Description of the task: Reproduce only the top of the records, down to and including the line containing "而另一边呢,黄晓明则是晒出了妈妈亲自烹饪的美食。".

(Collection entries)
-----

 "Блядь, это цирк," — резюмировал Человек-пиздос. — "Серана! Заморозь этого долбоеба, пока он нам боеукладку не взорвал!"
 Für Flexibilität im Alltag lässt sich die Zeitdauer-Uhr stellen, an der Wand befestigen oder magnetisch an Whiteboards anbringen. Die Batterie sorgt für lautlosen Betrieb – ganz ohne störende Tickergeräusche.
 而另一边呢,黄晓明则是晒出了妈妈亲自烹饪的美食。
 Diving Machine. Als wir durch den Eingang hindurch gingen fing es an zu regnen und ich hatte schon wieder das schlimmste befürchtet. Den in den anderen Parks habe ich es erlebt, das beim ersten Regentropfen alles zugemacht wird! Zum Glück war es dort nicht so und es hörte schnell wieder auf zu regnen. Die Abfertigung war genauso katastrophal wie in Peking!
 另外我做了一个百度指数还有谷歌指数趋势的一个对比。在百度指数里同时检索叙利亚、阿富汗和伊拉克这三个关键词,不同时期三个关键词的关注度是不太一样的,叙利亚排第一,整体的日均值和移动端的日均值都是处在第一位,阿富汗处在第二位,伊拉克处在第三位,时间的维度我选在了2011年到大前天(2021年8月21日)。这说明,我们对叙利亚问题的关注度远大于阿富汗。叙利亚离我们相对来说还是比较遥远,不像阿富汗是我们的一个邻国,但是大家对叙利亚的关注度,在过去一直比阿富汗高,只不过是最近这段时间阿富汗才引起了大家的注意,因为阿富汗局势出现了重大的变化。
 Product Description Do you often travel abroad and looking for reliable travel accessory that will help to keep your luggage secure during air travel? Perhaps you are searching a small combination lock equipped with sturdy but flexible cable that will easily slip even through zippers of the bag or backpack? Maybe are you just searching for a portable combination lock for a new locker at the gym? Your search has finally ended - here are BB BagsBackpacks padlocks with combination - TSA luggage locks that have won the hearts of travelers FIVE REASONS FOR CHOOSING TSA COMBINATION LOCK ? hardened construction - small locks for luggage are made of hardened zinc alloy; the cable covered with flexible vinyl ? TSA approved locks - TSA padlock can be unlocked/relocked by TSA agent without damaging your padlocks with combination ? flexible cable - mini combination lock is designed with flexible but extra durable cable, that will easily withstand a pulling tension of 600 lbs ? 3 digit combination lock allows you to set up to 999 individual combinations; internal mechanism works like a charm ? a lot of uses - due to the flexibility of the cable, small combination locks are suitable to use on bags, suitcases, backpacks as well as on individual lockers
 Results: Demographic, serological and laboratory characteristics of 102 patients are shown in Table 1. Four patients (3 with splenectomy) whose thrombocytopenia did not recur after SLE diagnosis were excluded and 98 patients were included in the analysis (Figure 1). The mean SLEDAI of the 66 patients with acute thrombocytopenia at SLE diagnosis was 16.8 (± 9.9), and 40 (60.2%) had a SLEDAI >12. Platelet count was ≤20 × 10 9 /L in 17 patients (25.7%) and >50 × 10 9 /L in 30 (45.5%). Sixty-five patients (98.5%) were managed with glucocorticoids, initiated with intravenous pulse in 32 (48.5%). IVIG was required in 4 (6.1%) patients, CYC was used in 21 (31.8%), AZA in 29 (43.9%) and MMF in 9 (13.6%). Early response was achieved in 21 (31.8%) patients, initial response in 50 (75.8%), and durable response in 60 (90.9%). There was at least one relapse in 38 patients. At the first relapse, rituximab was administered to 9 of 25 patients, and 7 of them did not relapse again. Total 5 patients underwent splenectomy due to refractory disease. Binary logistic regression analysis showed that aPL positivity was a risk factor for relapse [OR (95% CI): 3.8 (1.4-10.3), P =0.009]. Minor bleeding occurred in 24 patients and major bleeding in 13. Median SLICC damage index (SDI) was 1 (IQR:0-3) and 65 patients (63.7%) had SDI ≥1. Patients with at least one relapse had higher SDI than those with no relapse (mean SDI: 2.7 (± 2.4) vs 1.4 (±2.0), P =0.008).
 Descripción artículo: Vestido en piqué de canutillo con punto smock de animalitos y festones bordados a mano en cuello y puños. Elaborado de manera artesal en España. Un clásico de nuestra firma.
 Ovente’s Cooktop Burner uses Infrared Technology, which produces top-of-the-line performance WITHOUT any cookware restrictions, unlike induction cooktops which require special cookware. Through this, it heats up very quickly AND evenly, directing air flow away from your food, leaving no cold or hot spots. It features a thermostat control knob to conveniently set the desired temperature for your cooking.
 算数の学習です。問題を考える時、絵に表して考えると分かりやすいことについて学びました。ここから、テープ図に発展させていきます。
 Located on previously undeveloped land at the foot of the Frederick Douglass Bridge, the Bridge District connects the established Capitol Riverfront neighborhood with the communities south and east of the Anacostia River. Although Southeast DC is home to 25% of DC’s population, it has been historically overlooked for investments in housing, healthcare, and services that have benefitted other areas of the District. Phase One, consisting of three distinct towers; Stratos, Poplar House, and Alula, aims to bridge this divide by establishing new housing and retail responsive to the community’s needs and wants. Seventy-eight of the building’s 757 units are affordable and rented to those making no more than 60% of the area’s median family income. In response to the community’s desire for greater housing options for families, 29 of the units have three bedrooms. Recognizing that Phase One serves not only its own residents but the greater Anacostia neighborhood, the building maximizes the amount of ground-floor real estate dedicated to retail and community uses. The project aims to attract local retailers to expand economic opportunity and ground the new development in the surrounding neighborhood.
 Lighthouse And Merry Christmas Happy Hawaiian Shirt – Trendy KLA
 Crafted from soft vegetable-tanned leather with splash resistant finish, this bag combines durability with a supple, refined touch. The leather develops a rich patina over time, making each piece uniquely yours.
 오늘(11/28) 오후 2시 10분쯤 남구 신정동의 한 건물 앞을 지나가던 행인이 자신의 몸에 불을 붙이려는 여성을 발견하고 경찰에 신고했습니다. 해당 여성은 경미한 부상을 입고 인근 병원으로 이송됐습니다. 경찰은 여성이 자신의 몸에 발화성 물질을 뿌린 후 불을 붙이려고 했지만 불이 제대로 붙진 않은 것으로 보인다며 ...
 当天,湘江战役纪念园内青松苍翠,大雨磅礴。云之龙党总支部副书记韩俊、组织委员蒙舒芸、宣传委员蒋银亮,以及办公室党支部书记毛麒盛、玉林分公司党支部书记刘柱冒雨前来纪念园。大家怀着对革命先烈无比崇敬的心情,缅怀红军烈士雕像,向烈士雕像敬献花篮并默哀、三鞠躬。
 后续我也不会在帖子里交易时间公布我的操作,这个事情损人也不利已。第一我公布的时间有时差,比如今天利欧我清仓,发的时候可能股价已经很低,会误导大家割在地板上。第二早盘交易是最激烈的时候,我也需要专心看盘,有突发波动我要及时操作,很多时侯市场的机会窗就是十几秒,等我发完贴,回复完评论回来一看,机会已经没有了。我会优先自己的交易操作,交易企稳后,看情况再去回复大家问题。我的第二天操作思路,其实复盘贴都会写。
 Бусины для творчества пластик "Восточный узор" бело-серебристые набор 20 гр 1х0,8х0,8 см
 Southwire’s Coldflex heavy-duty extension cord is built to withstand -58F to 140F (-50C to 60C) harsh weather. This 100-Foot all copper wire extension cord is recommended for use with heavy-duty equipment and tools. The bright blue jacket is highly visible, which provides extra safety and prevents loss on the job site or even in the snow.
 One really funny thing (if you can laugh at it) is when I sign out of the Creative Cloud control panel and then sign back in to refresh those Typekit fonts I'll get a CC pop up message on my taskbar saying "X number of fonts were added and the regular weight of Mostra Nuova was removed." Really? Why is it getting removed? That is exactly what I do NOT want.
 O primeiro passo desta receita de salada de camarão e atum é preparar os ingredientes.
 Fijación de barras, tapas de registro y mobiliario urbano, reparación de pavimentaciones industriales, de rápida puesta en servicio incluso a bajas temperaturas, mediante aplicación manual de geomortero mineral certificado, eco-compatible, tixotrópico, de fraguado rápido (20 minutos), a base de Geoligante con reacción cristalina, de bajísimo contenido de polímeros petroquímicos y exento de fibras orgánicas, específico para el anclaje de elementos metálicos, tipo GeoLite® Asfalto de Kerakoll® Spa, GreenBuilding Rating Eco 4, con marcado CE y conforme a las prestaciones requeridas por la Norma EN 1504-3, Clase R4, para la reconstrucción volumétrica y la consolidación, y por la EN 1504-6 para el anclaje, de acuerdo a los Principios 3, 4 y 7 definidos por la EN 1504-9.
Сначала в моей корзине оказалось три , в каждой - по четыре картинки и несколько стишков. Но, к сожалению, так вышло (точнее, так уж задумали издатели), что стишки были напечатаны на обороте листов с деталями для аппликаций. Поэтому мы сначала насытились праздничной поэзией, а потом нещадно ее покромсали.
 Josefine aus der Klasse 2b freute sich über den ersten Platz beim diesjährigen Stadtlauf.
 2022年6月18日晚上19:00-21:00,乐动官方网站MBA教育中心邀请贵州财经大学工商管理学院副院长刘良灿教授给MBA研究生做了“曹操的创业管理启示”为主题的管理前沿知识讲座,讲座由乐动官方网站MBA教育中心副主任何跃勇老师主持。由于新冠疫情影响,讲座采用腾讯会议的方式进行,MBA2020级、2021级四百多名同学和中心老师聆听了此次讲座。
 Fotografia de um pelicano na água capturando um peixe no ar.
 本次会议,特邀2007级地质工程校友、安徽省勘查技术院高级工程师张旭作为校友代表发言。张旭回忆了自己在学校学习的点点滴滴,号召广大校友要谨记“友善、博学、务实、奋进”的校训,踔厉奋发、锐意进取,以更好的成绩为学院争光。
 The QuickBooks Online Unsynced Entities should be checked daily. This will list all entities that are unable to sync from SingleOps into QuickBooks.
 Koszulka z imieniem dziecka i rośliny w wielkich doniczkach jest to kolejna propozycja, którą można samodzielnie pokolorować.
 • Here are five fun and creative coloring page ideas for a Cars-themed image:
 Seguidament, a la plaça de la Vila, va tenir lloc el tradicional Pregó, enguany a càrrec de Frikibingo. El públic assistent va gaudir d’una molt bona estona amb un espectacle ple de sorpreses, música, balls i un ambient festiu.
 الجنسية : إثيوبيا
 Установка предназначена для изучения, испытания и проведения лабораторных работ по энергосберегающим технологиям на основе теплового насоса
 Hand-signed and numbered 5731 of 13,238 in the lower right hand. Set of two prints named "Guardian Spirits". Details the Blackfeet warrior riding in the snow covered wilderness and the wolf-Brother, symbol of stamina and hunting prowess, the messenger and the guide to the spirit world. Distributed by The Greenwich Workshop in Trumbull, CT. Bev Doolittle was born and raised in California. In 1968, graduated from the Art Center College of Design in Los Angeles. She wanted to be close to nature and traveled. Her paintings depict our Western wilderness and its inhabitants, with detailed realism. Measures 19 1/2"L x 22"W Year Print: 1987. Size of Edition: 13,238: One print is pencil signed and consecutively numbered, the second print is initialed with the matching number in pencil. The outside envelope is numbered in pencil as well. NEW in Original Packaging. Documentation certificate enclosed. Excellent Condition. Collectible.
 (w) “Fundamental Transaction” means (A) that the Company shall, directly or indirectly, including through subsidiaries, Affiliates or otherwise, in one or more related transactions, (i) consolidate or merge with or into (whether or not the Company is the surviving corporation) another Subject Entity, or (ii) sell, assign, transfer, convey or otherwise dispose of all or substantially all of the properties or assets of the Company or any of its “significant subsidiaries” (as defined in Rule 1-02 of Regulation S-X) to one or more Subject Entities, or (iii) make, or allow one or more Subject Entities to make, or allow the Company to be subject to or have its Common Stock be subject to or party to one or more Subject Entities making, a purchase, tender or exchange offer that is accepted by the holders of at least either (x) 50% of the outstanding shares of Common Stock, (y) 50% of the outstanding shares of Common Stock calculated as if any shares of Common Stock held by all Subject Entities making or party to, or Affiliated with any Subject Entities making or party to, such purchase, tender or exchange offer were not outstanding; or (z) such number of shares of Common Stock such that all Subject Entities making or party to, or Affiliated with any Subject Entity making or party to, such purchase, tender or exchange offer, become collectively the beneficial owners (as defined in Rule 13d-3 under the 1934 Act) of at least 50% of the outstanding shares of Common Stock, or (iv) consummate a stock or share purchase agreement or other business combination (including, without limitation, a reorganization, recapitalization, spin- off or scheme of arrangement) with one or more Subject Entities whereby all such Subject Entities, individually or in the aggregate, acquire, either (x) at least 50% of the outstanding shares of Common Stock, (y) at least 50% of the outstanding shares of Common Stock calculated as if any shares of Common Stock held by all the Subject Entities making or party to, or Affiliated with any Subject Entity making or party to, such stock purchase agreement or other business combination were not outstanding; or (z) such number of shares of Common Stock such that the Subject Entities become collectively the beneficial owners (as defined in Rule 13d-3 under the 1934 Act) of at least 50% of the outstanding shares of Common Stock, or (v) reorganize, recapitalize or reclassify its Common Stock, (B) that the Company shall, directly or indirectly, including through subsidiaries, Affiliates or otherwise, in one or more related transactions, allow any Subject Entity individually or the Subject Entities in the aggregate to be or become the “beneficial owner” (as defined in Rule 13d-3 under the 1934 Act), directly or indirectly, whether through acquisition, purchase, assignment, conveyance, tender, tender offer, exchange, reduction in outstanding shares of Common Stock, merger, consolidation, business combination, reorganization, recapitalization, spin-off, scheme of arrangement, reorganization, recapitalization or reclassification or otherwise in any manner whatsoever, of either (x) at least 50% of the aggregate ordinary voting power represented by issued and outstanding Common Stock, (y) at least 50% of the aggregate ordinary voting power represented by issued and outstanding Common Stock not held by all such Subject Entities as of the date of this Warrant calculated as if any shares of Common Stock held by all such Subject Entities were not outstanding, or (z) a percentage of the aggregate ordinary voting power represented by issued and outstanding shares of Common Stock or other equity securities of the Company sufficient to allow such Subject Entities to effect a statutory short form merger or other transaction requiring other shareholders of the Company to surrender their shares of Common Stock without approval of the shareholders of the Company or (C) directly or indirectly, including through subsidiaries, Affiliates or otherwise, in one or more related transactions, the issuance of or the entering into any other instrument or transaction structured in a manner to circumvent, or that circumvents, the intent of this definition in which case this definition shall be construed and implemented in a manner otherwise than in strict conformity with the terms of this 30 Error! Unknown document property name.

-----

Exercise solution:
 "Блядь, это цирк," — резюмировал Человек-пиздос. — "Серана! Заморозь этого долбоеба, пока он нам боеукладку не взорвал!"
 Für Flexibilität im Alltag lässt sich die Zeitdauer-Uhr stellen, an der Wand befestigen oder magnetisch an Whiteboards anbringen. Die Batterie sorgt für lautlosen Betrieb – ganz ohne störende Tickergeräusche.
 而另一边呢,黄晓明则是晒出了妈妈亲自烹饪的美食。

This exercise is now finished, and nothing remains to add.